Hello!
What are your thoughts after reading the following articles?
https://shiftcrypto.ch/blog/how-almost-all-hardware-wallets-can-steal-your-seed/
Why isn’t trezor using it?
Hello!
What are your thoughts after reading the following articles?
https://shiftcrypto.ch/blog/how-almost-all-hardware-wallets-can-steal-your-seed/
Why isn’t trezor using it?
There is actually an open issue:
Simply put, it has not been a priority because the existing implementation is “good enough”. Trezor source code is of course fully auditable, and it is using deterministic nonces from RFC 6979.
That can be verified by the host computer, given knowledge of the private key. So if you want to validate that the code is doing what it says it is doing, you can generate a seed, load it into your PC, sign a bunch of transactions and check that the nonces have the expected values.
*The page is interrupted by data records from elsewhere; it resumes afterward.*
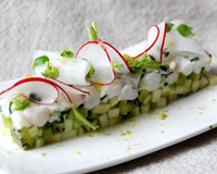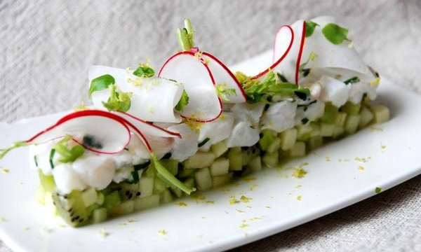 Cabillaud cuit dans un jus de citron vert, adouci par le kiwi et la pomme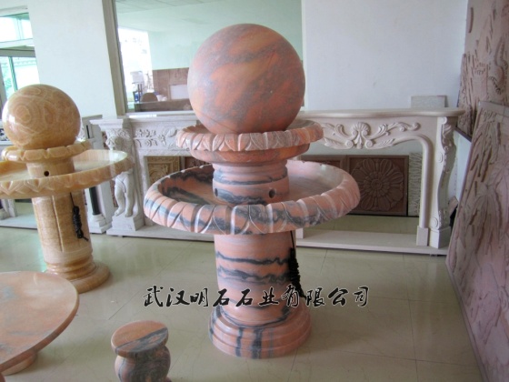 青岛晚霞红大理石风水球制作...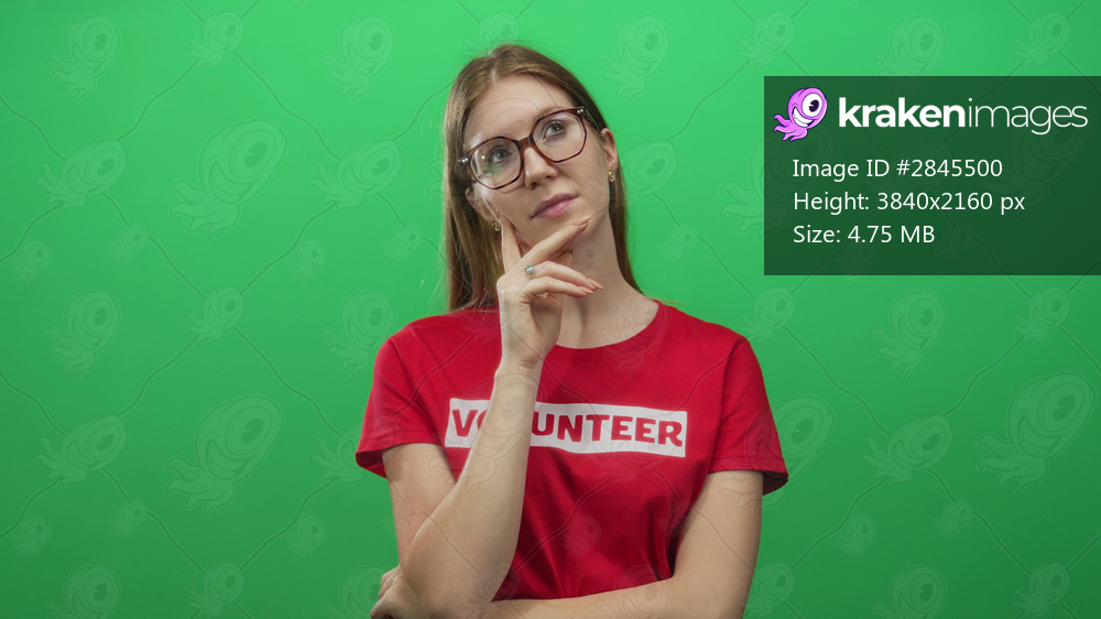 Blonde woman in red volunteer shirt wearing glasses with hand on chin against green backdrop in studio; reflection.

If you do this a couple (or a couple thousand) times, you can probabilistically trust that Trezor is not smuggling out secret bits, and load your actual seed.
This is of course not a 100% thing, so using Anti-Klepto would still have some merit. But implementing it counts against implementing other things, so, again, not a priority so far.
Hi,
just pulling this old thread to the surface due to dark skippy exploit vector being around recently.
Will there be an update to mitigate the attack vector?
How vulnerable is Trezor one/T/3 to this vector with the key starting point being (from what I understand) malicious firmware?
Thanks & best
To the best of our knowledge, it’s not viable to put a malicious firmware on the Safe family.
There have been cases of tampered Trezor Ones and Ts; but the attack vector there is a preconfigured seed phrase, which is much easier for the attacker to implement and then retrieve.
Basically the answer here is “don’t pick malicious firmware as your starting point”. Using malicious firmware opens you up to a multitude of practical attacks, where Dark Skippy is something you reach for only after your other options are exhausted.
The value of Anti-Klepto is in keeping the manufacturer honest; which on Trezor you can do in several other ways, such as probabilistically checking the RFC 6979 implementation as suggested above, and/or auditing the open source code and then verifying that it’s actually running on your device.
Dark Skippy is a neat research innovation, but doesn’t really change anything about your real world security. As such, it doesn’t change the priority of mitigation strategies either.
Thanks for your quick reply! Is there a tutorial to check if the current firmware is non-malicious?
Since updates stopped for, as far as I can see, the One/T Models: are these considered outdated or unsafe to use? Or is it just that there is nothing more to be improved?
Trezor T is still under active development, and there’s a new firmware coming out this month.
Trezor One will not be getting new features in the foreseeable future, but it is actively maintained too… for certain values of “actively” : ) A new firmware hasn’t been released for over a year simply because it has reached maturity and there have been no new issues (security or otherwise) that would warrant a release. If a problem arises, there will be a timely fix.
Sadly, there is no tutorial for checking your firmware. There are some automated checks performed by Suite, and beyond that, the best you can do is, after a firmware update, check for presence of new features that should be in said update. You can even do that in reverse: from a given version, downgrade to an earlier one and check that features are actually missing.
If your Suite is malicious but your Trezor device is genuine, then your firmware is OK: a malicious Suite cannot “hack” your Trezor.
If your Suite is genuine but your Trezor is counterfeit, the “check for new features” thing will detect this.
You will not get into a situation where your Suite and Trezor are both malicious. The attackers who produce counterfeit Trezors can’t really ensure that your PC specifically is infected by a cooperating malware, unless there’s an attack that is specifically targeted to you – and if you find yourself in that situation, help is beyond the scope of this forum. A single Trezor will not protect you regardless of how paranoid you are.
That said, the general idea is to build your own firmware and implement multiple checks that verify that the hardware running it is what it claims to be. Then you install this modified firmware on your Trezor, verify that the outputs are what they should be. Then you make a reproducible build of the official firmware, verify it, and then install the official firmware, confident that your device is ok.
(the problem with this is that if you’re the victim of a targeted attack, you can’t trust your PC about the results of the reproducible build
)
Thanks for the clarification, matejcik!